Suara yang muncul dari layar sentuh itu menampilkan kotak kosong dengan background putih yang dapat diisi. Effie lalu mengarahkan telunjuknya pada kotak kosong tersebut. Layar itu kini menampilkan keyboard yang dapat digunakan untuk mengetik salah satu keahlian yang ada di Akademi Mahfuz Tajribah.

“Coba ketik matematika, Fi,” bisik teman perempuannya. Effie pun mengetik kata tersebut.

Keahlian Anda adalah matematika. Pilih salah satu kota yang ingin Anda ketahui lebih lanjut.

Effie dan teman perempuannya semakin bingung.

“Kenapa harus pilih nama kota? Apa hubungannya?” tanya Effie.

“Lakukan saja, Fi. Siapa tau di akhir nanti kita dapat jawabannya,” bujuk perempuan itu. Effie mengetik salah satu nama kota yang diketahuinya.

Anda akan menemukan penelitian terdahulu di kota Giriwarsa.

Selama beberapa saat, layar sentuh itu tak mengeluarkan suara. Hanya ada tampilan layar penuh semut. Setelah dua menit berlalu, layar sentuh itu menampilkan pegunungan dan jalanan yang berliku-liku, menurun dan mendaki. Tak lama kemudian, layar sentuh itu berubah menampilkan sebuah gedung sekolah sederhana yang hampir seluruh struktur bangunannya menggunakan bahan kayu jati.

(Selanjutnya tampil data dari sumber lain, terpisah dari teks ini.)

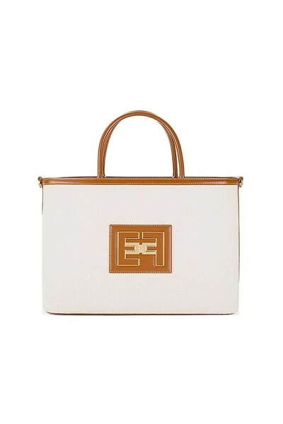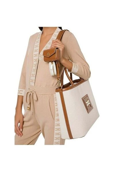 Elisabetta franchi damestas in canvas boterkleur. Ronde handgrepen. EF -logo. Grote schouderriem. Verwijderbare koppelingstassen. Afmetingen: 38 x 30 x 15 cmmodello: BS04A21E2Q99 Commissie: 100%katoen
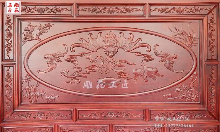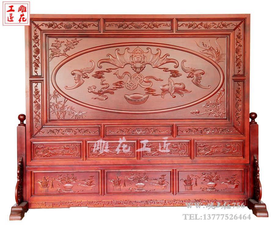 Dongyang wood carving solid wood screen living room lobby hotel large insert screen double-sided carved relief
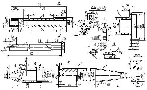 Регулировка зазора в зацеплении производится шайбами, устанавливаемыми под крышку корпуса редуктора и переднюю крышку угловой передачи. Контроль и проверка правильности зацепления производится через патрубок, служащий и для заливки масла. Применение любителями для изготовления шестерен легированных сталей нецелесообразно из-за сложности термообработки. Горизонтальный вал редуктора пустотелый и связан с гребным валом внутренним шлицевым соединением. Задний конец вала опирается на подшипник №204 и в месте выхода в полость водовода уплотнен двумя резиновыми манжетами 40×20×9. Детали механической передачи изображены на рис. 60.
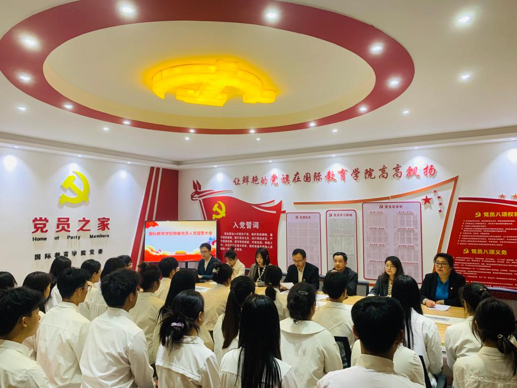 会上,党委副书记付春锋宣读了中共信阳师范公司委员会组织部关于同意接收丁迟等38位员工党员和李津琪1名教工党员的决定,带领全体预备党员面向党旗进行入党宣誓。
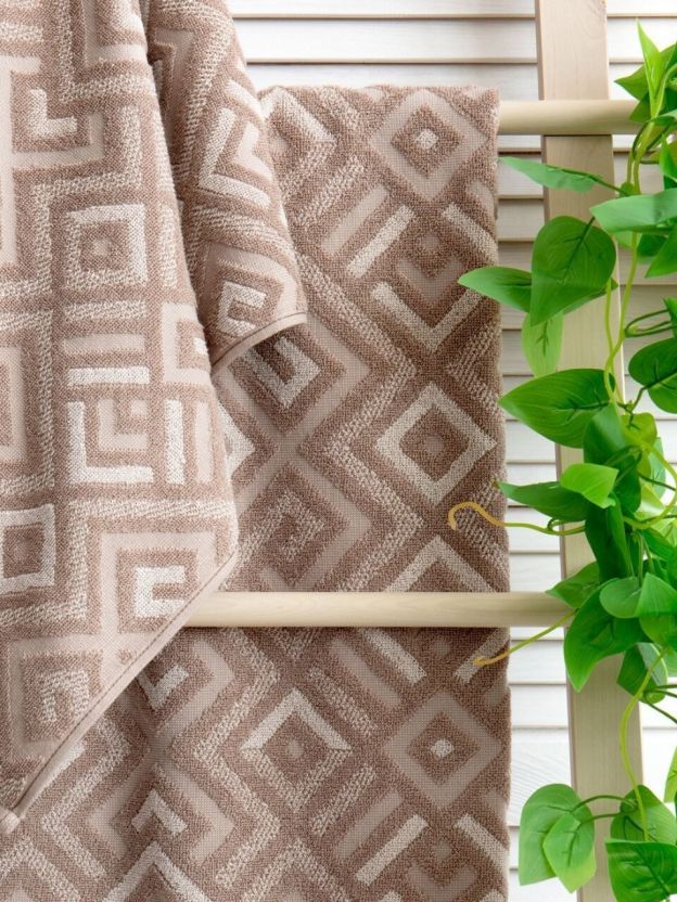 Подходит ли полотенце для подарка? Благодаря стильному сочетанию мокко и светло-бежевого оттенка, а также современному геометрическому дизайну, изделие выглядит презентабельно и уместно для любого повода. Даже без подарочной упаковки оно станет практичным и приятным знаком внимания.

Pada tahun 2008, sekelompok peneliti yang berasal dari Badan Riset Nasional pernah melakukan penelitian di Sekolah Menengah Pertama Kalpasastra. Sekelompok peneliti itu melakukan penelitian berjenis design research. Variabel bebas dalam penelitian itu adalah Pendidikan Matematika Realistik sedangkan variabel terikatnya yaitu kemampuan pemahaman konsep. Salah satu peneliti yang terlibat di dalamnya adalah pendiri sekolah ini, Lema Alfa Sayyid.

Sekonyong-konyong, Effie terkejut mendengar bahwa kakeknya pernah melakukan penelitian di kota kelahirannya itu.